Soru 900: Acaba vakfın sahih olması için vakıf akdinin okunması şart mıdır? Eğer şartsa, akdin Arapça olması şart mıdır? Cevap: Vakfın sözle yapılması şart değildir; fiilî olarak alıp vermekle de gerçekleşebilir; ayrıca sözle yapılan vakıfta akdin Arapça olması şart değildir. |
Soru 901: Birisi, meyve bahçesini, elli yıla kadar gelirinin kendisine niyabeten kaza namazı kılması ve kaza orucu tutması için ücretli (naip) tutulmasına harcanması, elli yıldan sonra da gelirinin Kadir gecelerinde harcanması için vakfetmiş ve bu vakfı dört oğlunun yönetimine bırakmıştır. Şimdi bu meyve bahçesi bozulmak üzere olduğu için ondan hiçbir şekilde yararlanmak mümkün değildir; fakat satılırsa, parasıyla vakfeden kişiye niyabeten iki yüz senelik kazâ namazı kılması ve bir o kadar da kazâ orucu tutması için naip tutulabilir. Şimdi, vakfeden kişinin oğullarının dördünün de buna muvafakat etmiş olduğu dikkate alınarak acaba bu bahçeyi satıp parasını bu yönde harcamak caiz midir? Cevap: Bu biçimdeki vakıfta, eğer vakfeden kişi meyve bahçesini sırasıyla önce kendisine, daha sonra da başkasına vakfetmişse, kendisine yaptığı vakıf geçersizdir; başkasına yaptığı vakıf ise, baş tarafı kesik ve kopuk olduğu için sahih olması sakıncasız değildir. Ama bununla o meyve bahçesinin elli senelik gelirini kendisi için istisna tutmak istemişse, bu durumda vakfın sahih olmasının şer'an bir sakıncası yoktur.
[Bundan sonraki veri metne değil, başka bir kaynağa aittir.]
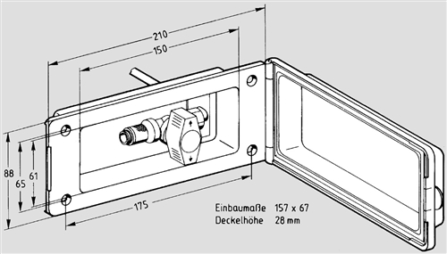 Gasoluttag med snabbkoppling för utvändig gasolanslutning. Låsförsedd lucka. Lämplig för gasolgrill. 216 x 94 mm. Inbyggnadsmått: 160 x 70 mm.

Bu vakfın sahih olması durumunda, vakıf ve vasiyeti yerine getirme doğrultusunda harcamak için gelirinin artması amacıyla, gelirinin bir bölümünü vakfı korumak ve onu elverişli hale getirmek yönünde harcamayla da olsa bağı korumak mümkün oldukça veya bina yapılması vs. için kiraya vererek gelirini vakıf ve vasiyet doğrultusunda kullanmayla da olsa, yerden yararlanmak mümkün olduğu sürece onu satmak veya değiştirmek caiz değildir; aksi durumda onu satıp parasıyla vakıf ve vasiyeti yerine getirmek için iyi bir yer almanın sakıncası yoktur. |
Soru 902: Allah'ın lütuf ve yardımıyla cami olması niyetiyle köyde bir bina yaptım. Fakat köyde bir eğitim merkezi olmadığı, diğer taraftan iki camisi bulunması dolayısıyla köyün şimdilik bu camiye ihtiyacı yoktur. Şimdiye kadar vakıf akdi okunarak binanın cami olarak vakfedilme işlemi yapılmadığı ve cami olarak orada iki rekât namaz kılınmadığı da göz önünde bulundurulursa ve şer'î açıdan bir sakıncası yoksa, niyetimi değiştirerek bu binayı Eğitim Müdürlüğü'nün yetkisine bırakmak istiyorum; meselenin hükmünü açıklar mısınız? Cevap: Vakıf akdi okumadan ve namaz kılmaları için namaz kılanlara teslim etmeden, sırf cami olması niyetiyle bina inşa etmek, vakfın gerçekleşmesi ve sahih olması için yeterli değildir; dolayısıyla bu bina hâlâ sahibinin mülkiyetindedir ve sahibi onda istediği gibi tasarruf edebileceğinden onu Eğitim Müdürlüğü'ne vermesinin sakıncası yoktur. |
Soru 903: Hüseyniyeler için gerekli olan eşyaları satın almak amacıyla yapılan bağışlar vakıf hükmünde midir, yoksa bu bağışlarla satın alınan eşyalara vakıf akdini okumak mı gerekir? Cevap: Sırf bağış toplamak vakıf sayılmaz; fakat onlarla hüseyniyeler[1] için gerekli olan eşyaların satın alınarak kullanılmak üzere hüseyniyelere yerleştirilmesiyle fiilî vakıf gerçekleşmiş olur ve vakıf akdini okumaya gerek kalmaz.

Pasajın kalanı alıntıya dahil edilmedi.